Hypoxia-Inducible Factor 1 and Dysregulated c-Myc Cooperatively Induce Vascular Endothelial Growth Factor and Metabolic Switches Hexokinase 2 and Pyruvate Dehydrogenase Kinase 1 ^,

Jung-whan Kim,^1, Ping Gao,¹ Yen-Chun Liu,² Gregg L. Semenza,^1,3,4,5 and Chi V. Dang^1,2,3*

Division of Hematology, Department of Medicine,¹ Graduate Program of Pathobiology,² Sidney Kimmel Comprehensive Cancer Center at Johns Hopkins,³ Institute for Cell Engineering,⁴ Department of Pediatrics, Johns Hopkins University School of Medicine, Baltimore, Maryland 21205⁵

Received 14 March 2007/ Returned for modification 24 April 2007/ Accepted 24 August 2007

Hypoxia is a pervasive microenvironmental factor that affects normal development as well as tumor progression.
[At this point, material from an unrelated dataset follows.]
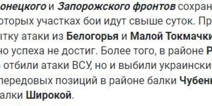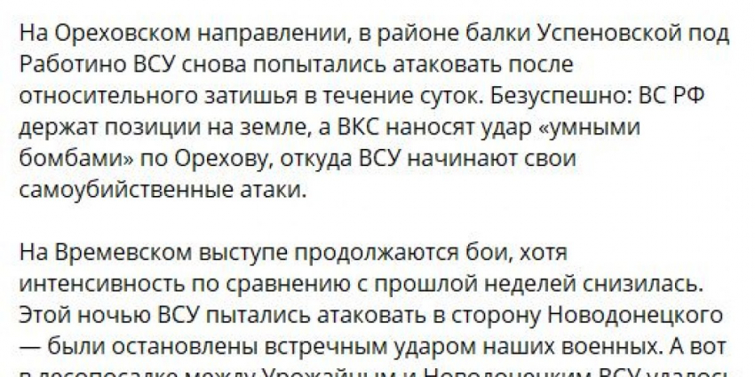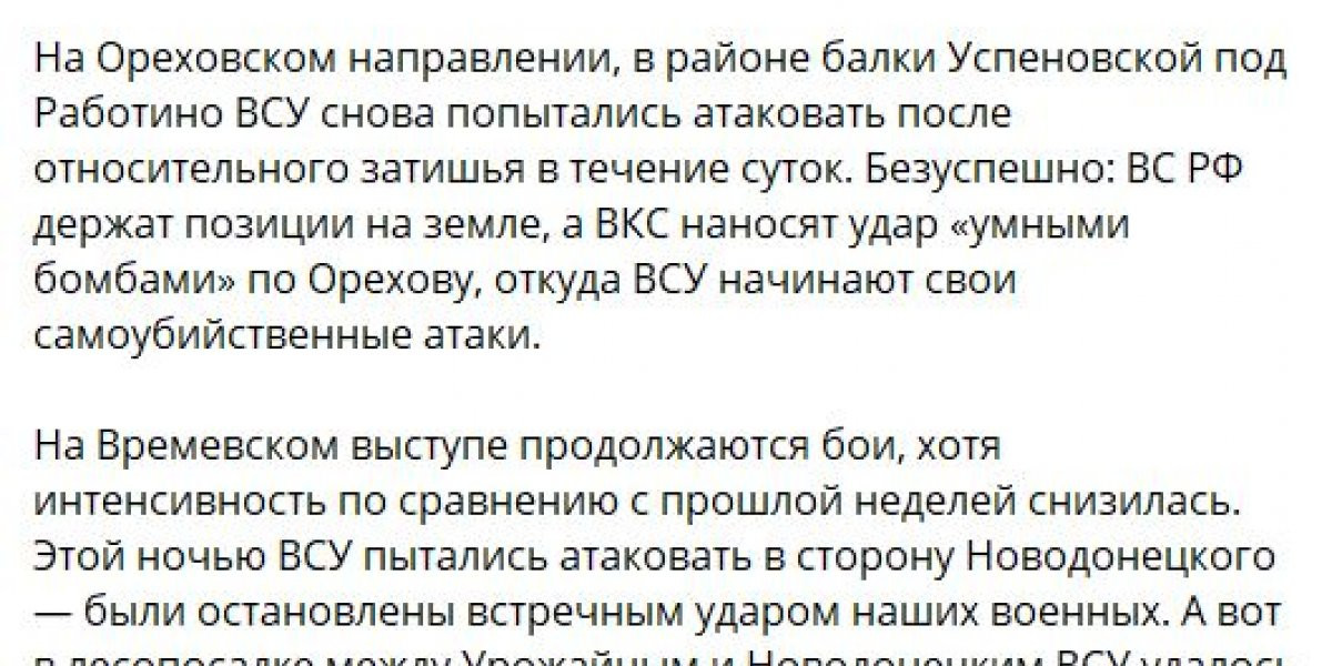 На Запорожском направлении наши войска продолжают сдерживать наступление ВСУ

In most normal cells, hypoxia stabilizes hypoxia-inducible transcription factors (HIFs), particularly HIF-1, which activates genes involved in anaerobic metabolism and angiogenesis. As hypoxia signals a cellular deprivation state, HIF-1 has also been reported to counter the activity of MYC, which encodes a transcription factor that drives cell growth and proliferation. Since many human cancers express dysregulated MYC, we sought to determine whether HIF-1 would in fact collaborate with dysregulated MYC rather countering its function. Here, using the P493-6 Burkitt's lymphoma model with an inducible MYC, we demonstrate that HIF-1 cooperates with dysregulated c-Myc to promote glycolysis by induction of hexokinase 2, which catalyzes the first step of glycolysis, and pyruvate dehydrogenase kinase 1, which inactivates pyruvate dehydrogenase and diminishes mitochondrial respiration. We also found the collaborative induction of vascular endothelial growth factor (VEGF) by HIF-1 and dysregulated c-Myc. This study reports the previously unsuspected collaboration between HIF-1 and dysregulated MYC and thereby provides additional insights into the regulation of VEGF and the Warburg effect, which describes the propensity for cancer cells to convert glucose to lactate.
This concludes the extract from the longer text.